Mechanisms for data subjects to exercise their rights: Making it easy for individuals to exercise their data rights, such as opting out, requesting erasure, or making claims for data correction.
Transparency: Publicly disclosing data processing practices through media campaigns and transparency labels.
Web scraping-specific measures: Implementing restrictions to prevent unauthorised personal data scraping, such as offering an opt-out list to data subjects or excluding sensitive data.

Consequences of unlawfully processing personal data in AI development

If a model is developed by processing data in a way that violates GDPR, this will impact how the model will be allowed to operate. The relevant authority evaluates “the circumstances of each individual case” but provides examples of possible considerations:

If the same company retains and processes personal data, the lawfulness of both the development and deployment phases must be assessed based on case specifics.
If another firm processes personal data during deployment, the EDPB will consider if that firm did an appropriate assessment of the model’s lawfulness beforehand.
If the data is anonymised after unlawful processing, subsequent non-personal data processing is not liable to GDPR. However, any subsequent personal data processing would still be subject to the regulation.

Why AI firms should pay attention to the guidance

The EDPB’s guidance is crucial for tech firms. Although it holds no legal power, it influences how privacy laws are enforced in the EU.

Indeed, companies can be fined up to €20 million or 4% of their annual turnover — whichever is larger — for GDPR infringements.

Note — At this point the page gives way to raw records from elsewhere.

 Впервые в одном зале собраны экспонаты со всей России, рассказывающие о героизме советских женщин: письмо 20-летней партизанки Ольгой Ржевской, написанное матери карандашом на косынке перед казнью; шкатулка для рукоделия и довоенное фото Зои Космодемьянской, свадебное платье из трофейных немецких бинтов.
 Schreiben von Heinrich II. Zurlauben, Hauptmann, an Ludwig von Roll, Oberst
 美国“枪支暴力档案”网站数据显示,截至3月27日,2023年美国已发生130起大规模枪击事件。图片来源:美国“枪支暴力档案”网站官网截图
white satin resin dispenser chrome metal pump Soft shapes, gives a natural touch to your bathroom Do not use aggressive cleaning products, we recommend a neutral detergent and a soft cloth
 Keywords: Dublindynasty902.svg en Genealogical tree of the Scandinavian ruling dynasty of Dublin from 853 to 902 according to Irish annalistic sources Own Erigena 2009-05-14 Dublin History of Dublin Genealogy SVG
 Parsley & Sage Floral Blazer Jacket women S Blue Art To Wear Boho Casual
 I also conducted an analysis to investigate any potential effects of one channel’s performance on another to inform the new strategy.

They might even be required to change how their AI models operate or delete them entirely.

Conclusion

The EDPB’s opinion provides a comprehensive framework for AI companies to ensure the lawful processing of personal data. By understanding the key points of the guidance, AI firms can avoid potential legal issues and maintain the trust of their users.

FAQs

Q: What is the main purpose of the EDPB’s opinion on AI models?

A: The main purpose is to provide guidance on how AI companies can ensure the lawful processing of personal data in the development and deployment of AI models.

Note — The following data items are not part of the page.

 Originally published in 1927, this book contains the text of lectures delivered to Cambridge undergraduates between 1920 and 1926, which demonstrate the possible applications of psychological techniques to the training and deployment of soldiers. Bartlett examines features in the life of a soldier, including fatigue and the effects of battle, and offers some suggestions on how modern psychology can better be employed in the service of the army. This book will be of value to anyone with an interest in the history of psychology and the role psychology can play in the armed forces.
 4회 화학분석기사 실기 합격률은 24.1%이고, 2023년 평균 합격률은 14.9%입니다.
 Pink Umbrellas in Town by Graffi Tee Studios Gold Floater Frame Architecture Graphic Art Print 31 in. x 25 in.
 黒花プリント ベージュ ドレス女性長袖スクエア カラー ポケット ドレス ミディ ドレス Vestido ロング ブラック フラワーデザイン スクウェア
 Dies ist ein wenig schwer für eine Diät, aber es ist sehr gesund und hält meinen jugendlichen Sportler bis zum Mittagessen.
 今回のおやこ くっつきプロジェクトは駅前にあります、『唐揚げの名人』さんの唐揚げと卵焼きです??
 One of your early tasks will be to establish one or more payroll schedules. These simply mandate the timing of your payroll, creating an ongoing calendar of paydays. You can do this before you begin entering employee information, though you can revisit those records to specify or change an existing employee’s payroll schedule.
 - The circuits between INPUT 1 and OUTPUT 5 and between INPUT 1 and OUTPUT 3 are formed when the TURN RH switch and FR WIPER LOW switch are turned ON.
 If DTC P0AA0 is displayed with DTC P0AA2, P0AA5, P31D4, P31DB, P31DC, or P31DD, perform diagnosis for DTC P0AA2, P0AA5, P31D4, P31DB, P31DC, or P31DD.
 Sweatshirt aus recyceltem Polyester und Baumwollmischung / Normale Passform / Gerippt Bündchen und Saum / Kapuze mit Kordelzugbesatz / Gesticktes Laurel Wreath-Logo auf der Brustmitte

Q: What are the three tests that AI companies must pass to process personal data without consent?

A: The three tests are the legitimacy test, necessity test, and balancing test.

Q: What are the mitigating measures that AI companies can apply to limit the impact of processing personal data?

A: The mitigating measures include technical safeguards, pseudonymisation, data masking, mechanisms for data subjects to exercise their rights, transparency, and web scraping-specific measures.

Q: What are the consequences of unlawfully processing personal data in AI development?

A: The consequences include the impact on how the model will be allowed to operate, potential fines, and requirements to change or delete the model.